My purpose for this thread is that at one point I had elbow tendonitis that was not getting any better and I could not find a good "how-to" on getting rid of my tendonitis. (In the right elbow)

Okay, to start, according to a well-known trainer/professional powerlifter that I am very friendly with, doing as many sets of tricep extensions on the machine as I was would cause elbow tendonitis. So, I decided that after these several months of doing around 6-8 sets of them that I would go to 4 sets. Too bad, because it was too late. While I do a lot of other stuff that affects the elbow besides working the triceps, my other tricep exercises would hurt my elbow.

Here is a description of my tendonitis of my right elbow: It was a consistent pain, but not too painful. If it was not hurting, then in certain positions it would really hurt me. Once it got better, it would only hurt during triceps day.

I had just started a "one bodypart per day of the week" routine and I figured in this situation it would be beneficial. So what I did to rid myself of this tendonitis which only took TWO MONTHS, was that I would take a large motrin pill (anti-inflammatory) in the morning with breakfast and right after dinner. In addition, I wore an ace-bandage on my elbow because the tendon(s?) that were hurt were the ones that fully extend my arm, so I wanted to limit the range of motion. I ate plenty and rested as well because I knew that would definetly help. I had to wear the ace-bandage all the time, including going to sleep because that was when it would get hurt if I did not wear it. I also iced it for the first 1.5 months.

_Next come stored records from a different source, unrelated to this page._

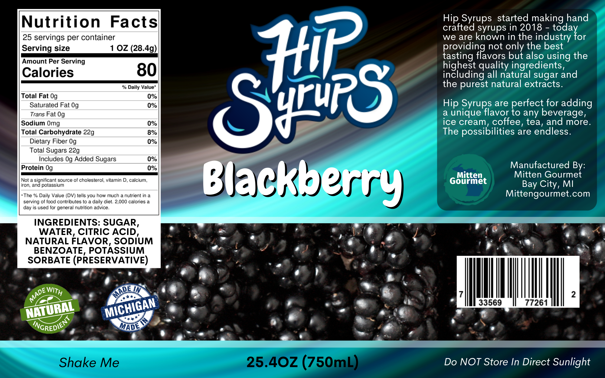 Natural flavoring, that comes in sugar or sugar-free! Ideal for your water, tea, smoothies, shakes, and much more! All products are handcrafted & made right in Michigan! This handcrafted Blackberry Hip Syrup real fruit extract is so spot on! Tastes just like a blackberry off of a blackberry vine!
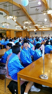 深谷中の2年生を乗せたバス4台は、予定より30分ほど早く新潟県津南町の宿舎「ニューグリンピア津南」に到着しました絵文字:バスバスから荷物を取り出し、ホテルで開校式を行いました。
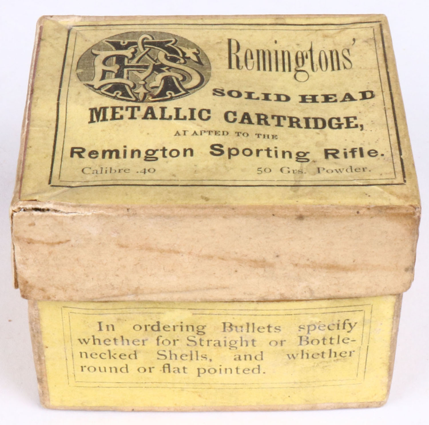 E. Remington & Sons, .40-50 Solid Head, 2pc, Partial 16 Rds., buff box with yellow label & black print, box has two split corner seams, light age soiling, light rub marks & light edge wear, ammo is good. Grade: Very Good ++ - Value: 50 to 200
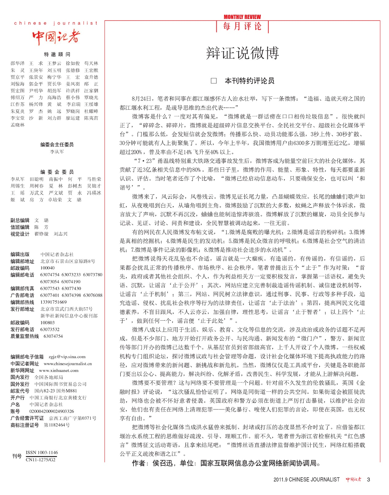 《中國記者》2011年第9期“每月評(píng)論”刊發(fā)《辯證說微博》。
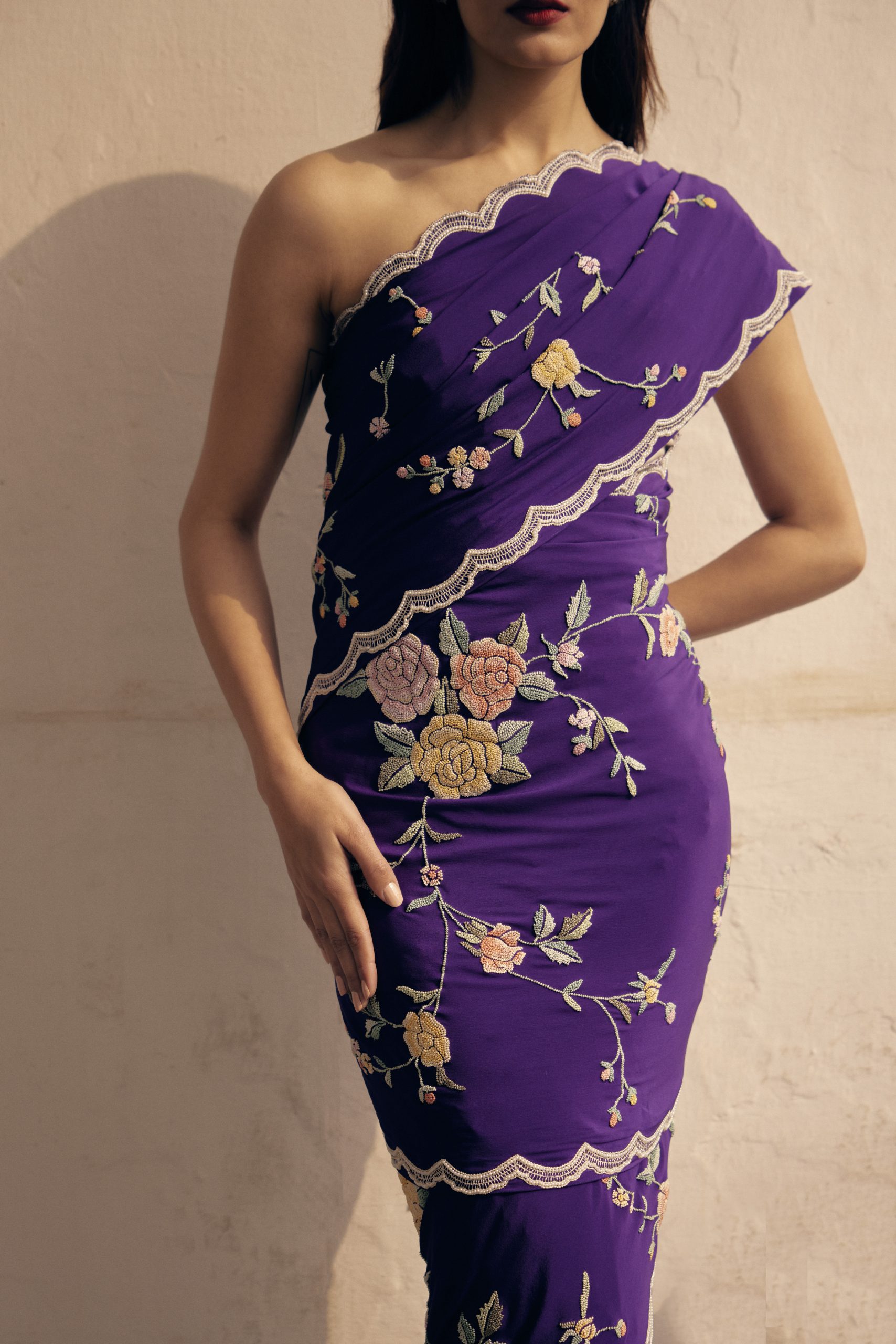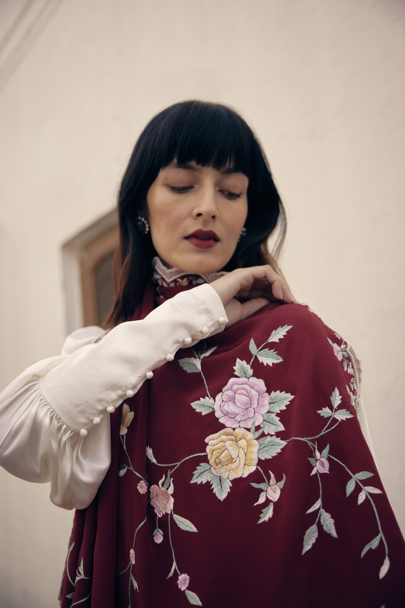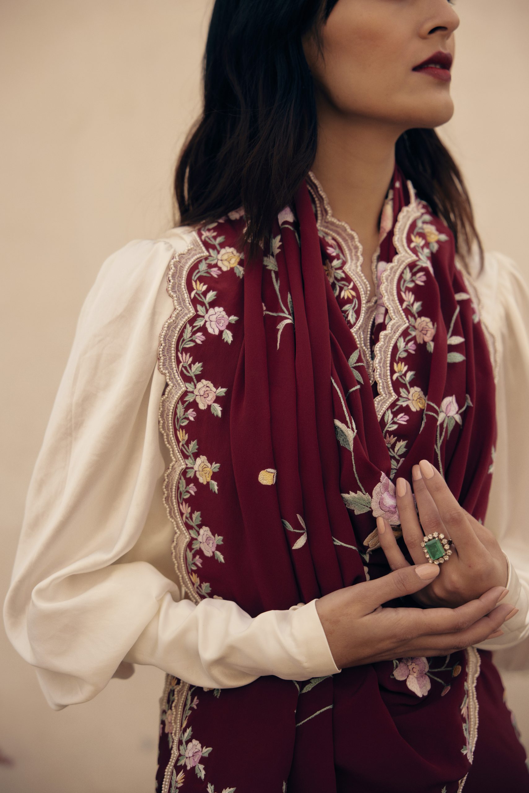 The subtle sheen on the material, the muted tones & the embroidery make it a great choice for both night & day.
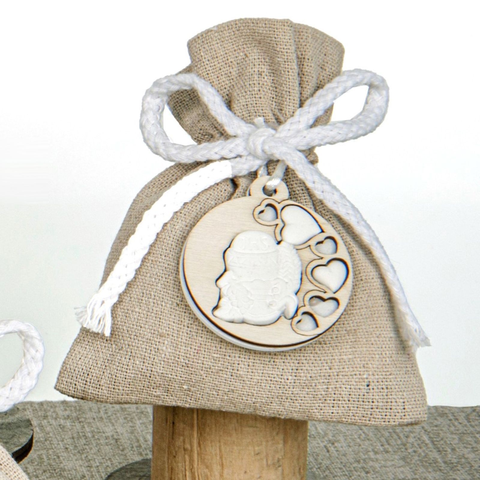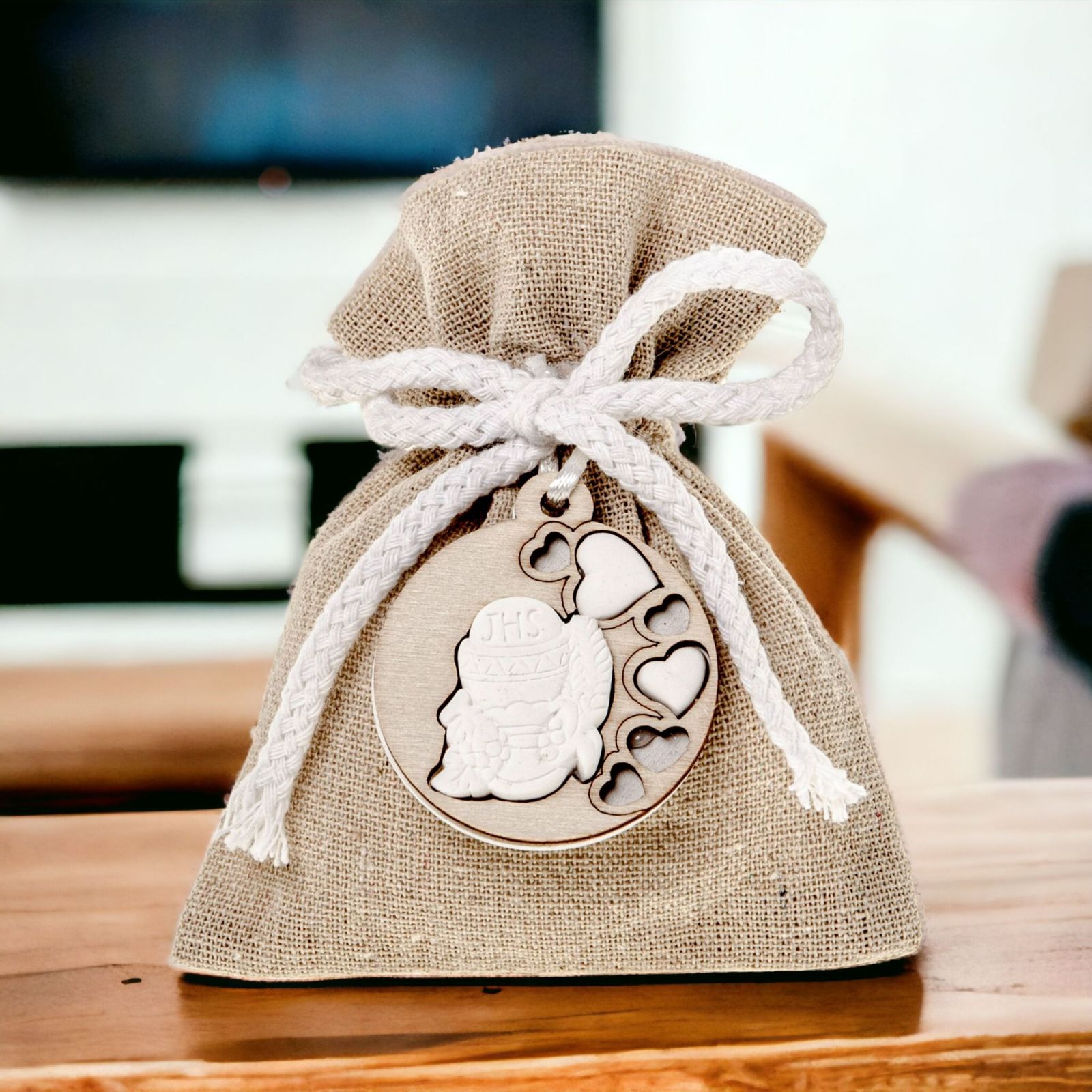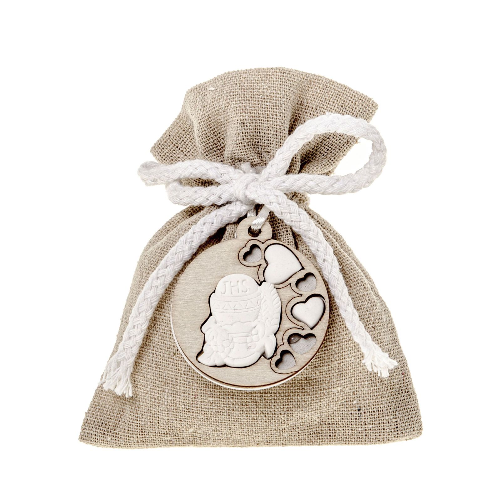 Il sacchettino in juta con cordoncino e applicazioni in legno simboli Sacri è il regalo perfetto per gli invitati di una Prima Comunione. Una scelta che sia per un maschietto o per una femminuccia, questi ricordini saranno una bella sorpresa per tutti.

So, it started to feel better, and let me remind you that all this time I had been working out. It never hurt during my routines (besides triceps) except for once I was decline bench pressing and it felt like getting my elbow amputated would be a good idea. But that happened once. So, with all of this self-treatment I was okay.

I kept doing my triceps but I would NEVER lock my elbow in any circumstances EVER. That was one of the things that caused it. I also did everything much SLOWER. When I used to do triceps extension on the machine, I would jerk it down very quickly and I would lock my elbow. Big Mistake!

After 2 months, my elbow tendonitis is gone. I still take a motrin every other day or so just to keep everything cool. I have been taking Glucosamine, Condroitan (spelling?), MSM and Shark Cartilige for about 6 months. I also started taking Cissus Rx to try it out. It should help.

So here are the guidelines for curing elbow tendonitis:

Daily and nightly wearing of an ace-bandage (except when working out if its a pain in the ass)

1 large pill of motrin after breakfast and after dinner. (best taken with food)

Applying ice to elbow before and after working out. Applying ice when it randomly hurts is a good idea as well.

Using your other arm (the one with a healthy elbow) to do anything that could hurt...for example, lifting a grocery bag.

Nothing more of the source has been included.